Posted by suzielebrocq

Sometimes my fallibility and humanness catch me unaware. Being chronically sick for so long, was such a source of shame that at times I don’t allow myself to feel. It is only when my body says ‘enough’ that my brain follows suit and recognizes it is time to stop.

Can you relate?

Oftentimes I will go back to my story and remind myself where I have come from, and where I hope to go. It scares me to think of what I went through and how disconnected I can be from my body. I felt that my body betrayed me, so having an intimate relationship with something so cruel doesn’t make sense.

Don’t get me wrong; it’s great ‘doing life,’ rushing from a to b and forgetting the pain and hardship I’ve experienced. Why dwell on a time in my life that was difficult?
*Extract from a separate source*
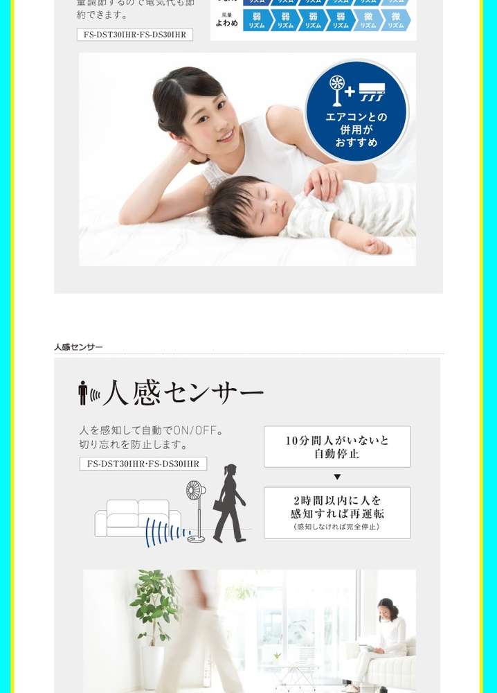 ●温度センサーは室温を感知して自動で風量を調節するので「エアコン」との併用がおすすめ。
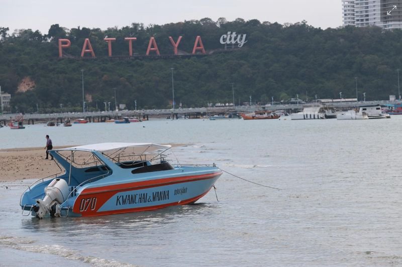 Ein Schnellboot ankert an einem Strand in Pattaya, Chon Buri, wo es derzeit eine große Anzahl unverkaufter Eigentumswohnungen gibt. Somchai Poomlard

I never wanted to be seen as a victim, so it is hard to acknowledge that at times I was, and still am.

I tried hard to hide behind the mystique of ‘being fine’ .. actually ..‘better than fine’ so at times I forget what it is like to not be fine, to not be ok .. to be tired, to ache and to feel sad.

Telling my story is a way for me to heal and I hope help others heal. It is a way to connect with my body and allow my mind to wonder.

There is a level of discomfort in being so open and vulnerable to the world; but I don’t want to live in the shame that I felt being so sick, for so long, simply surviving with an ostomy. I am a survivor, but I am also a thriver (wow .. that is actually harder than I thought it would be to say (today))

I think I am not alone in struggling to be human. I imagine many others with an ostomy feel the same. I know others who suffer from chronic illness wake up some days, and simply roll over and go back to sleep.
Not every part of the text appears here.